Vulnerability Patch Testing

Is testing patches really worth it?

Usually when patches are released IT departments should be taking the patches and implementing there test procedures to determine any business impact from implementing the patch. This can include preventing that important application in marketing from working, but mostly the crayons are still OK. After this has happened within the separated Test Environment, the Change Control Procedure is conducted before this new patch is deployed into the live environment of the organisation.

Now in one or two organisations this process may be slightly less rigorous than in others. This process takes time and resources. A risk assessment should have been undertaken to determine the likelihood and impact of the vulnerability being exploited for that organisation. It could take a week or more to conduct this process effectively.

So we then ask ‘How long does it take from the patch for the vulnerabilities being released to the first attacks using that exploit being available?’ …
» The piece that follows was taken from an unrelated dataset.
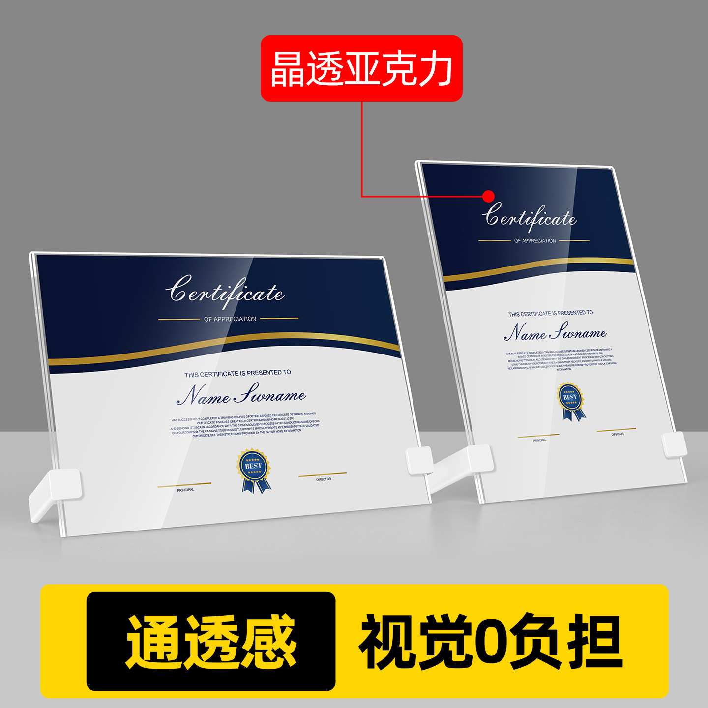 a4证书框授权书框架证件摆台亚克力相框荣誉证书框定制奖状展示框

This used to be a time frame in keeping with the above effective process in testing and change control, recently though it appears that the game has moved on. It has been shown that attacks are often available 4 days after Patch Tuesday and in some cases even faster.
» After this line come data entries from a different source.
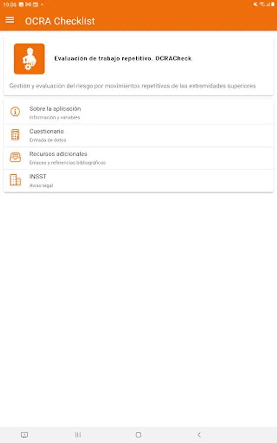 This application allows you to easily evaluate the physical load associated with repetitive jobs. It is an update of the OCRA CheckINSST.
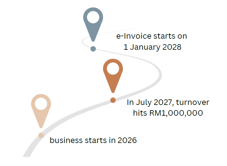 For MSME / PB new businesses starting from 2026 onwards, the business reaches RM1,000,000 turnover/revenue in the first year, e-Invoicing starts on 1 Jan 2027 or on the business commencement date, whichever is later.
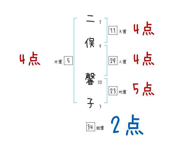 二俣馨子さんの画数の鑑定結果

The combination of less than perfect ‘test environments and procedures’ and short timescales to attacks being available has led several large organisations to consider deploying patches immediately they are released to protect their systems.  This view is assisted by ever expanding mechanisms for application and system delivery including thin client, centralised virtual desktops and application virtualisation.  By providing the capacity to ‘roll back’ to a known state swiftly and effectively it is becoming possible for orgainsations to reduce the risk in patching early and gain the benefits.

~ by Simon Hancock on February 5, 2008.